Sportyvna hazeta () was Ukraine’s influential sports newspaper and official sports newspaper of the Soviet Government of Ukraine published several (3) days per week in Kyiv in 1934–1992. Following dissolution of the Soviet Union, the newspaper lost its government support and slowly phased out.

It appeared in 1931 in Kharkiv as a Russian language newspaper Gotov k trudu i oboronye, yet its official date of establishment is considered as 1 June 1934 soon after capital of Ukraine was moved to Kyiv from Kharkiv. Since the relocation the newspaper changed to Ukrainian language and changed to Hotovyi do pratsi ta(i) oborony. In 1938 it switched its name again to Radyanskyi sport.

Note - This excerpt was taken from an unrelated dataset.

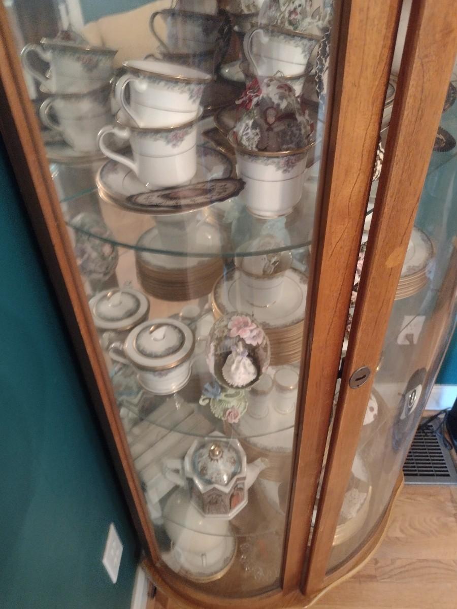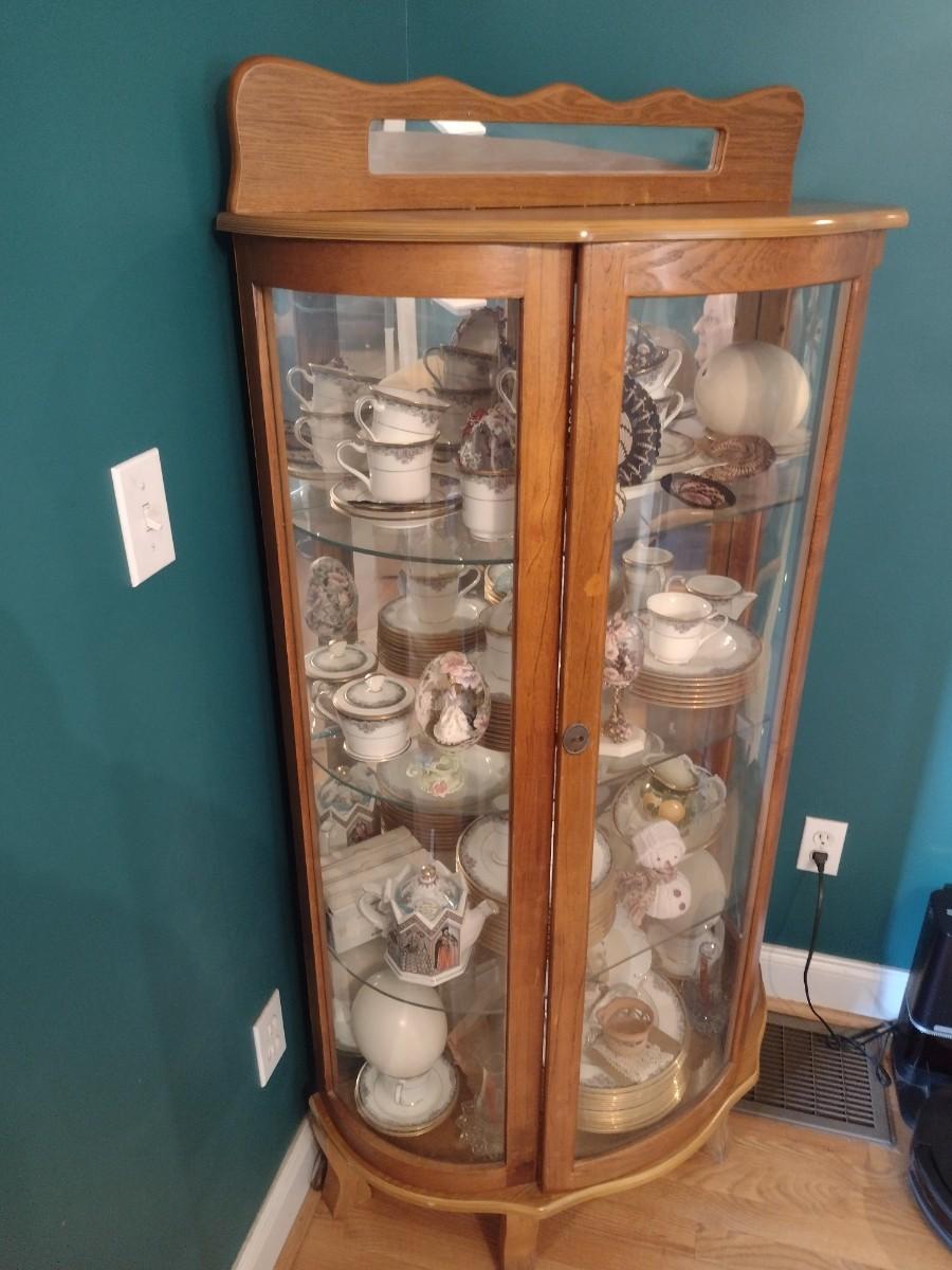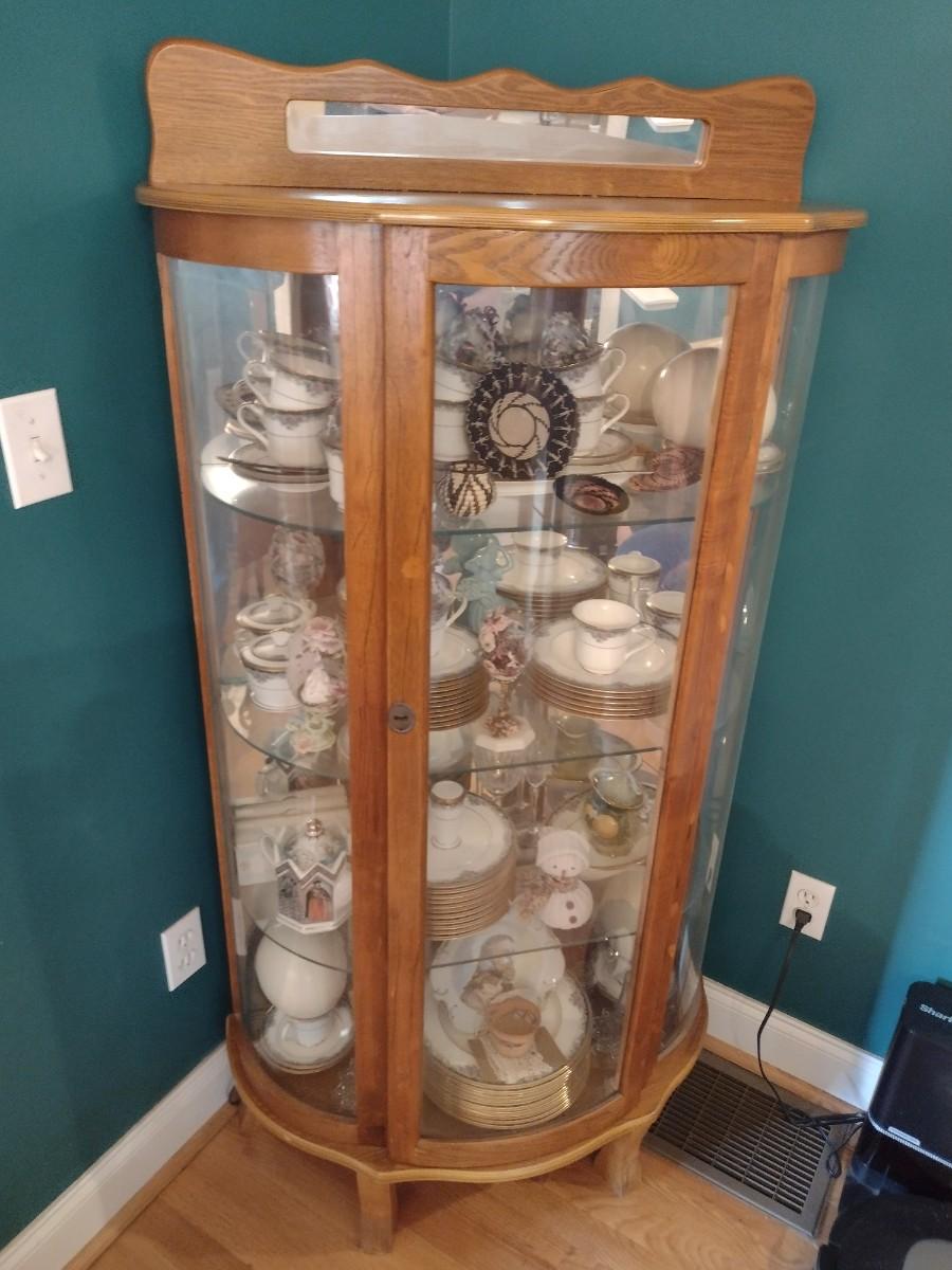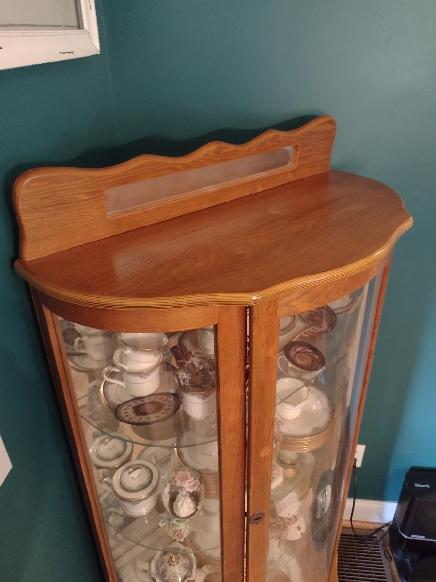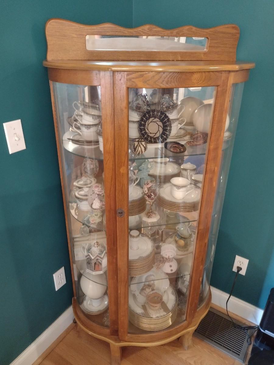 Vintage Solid Oak Bowfront Curio Cabinet (No Contents)

During the World War II in 1940–1949 it was not published.

In October 1949 it was revived as Radyanskyi sport. In April 1965, the newspaper changed its name again to Sportyvna hazeta. At the time of dissolution of the Soviet Union it had some 600,000 subscribers. After 1992 Sportyvna hazeta lost its government support and had difficulties with financing which led to its partial closure starting in late 1999.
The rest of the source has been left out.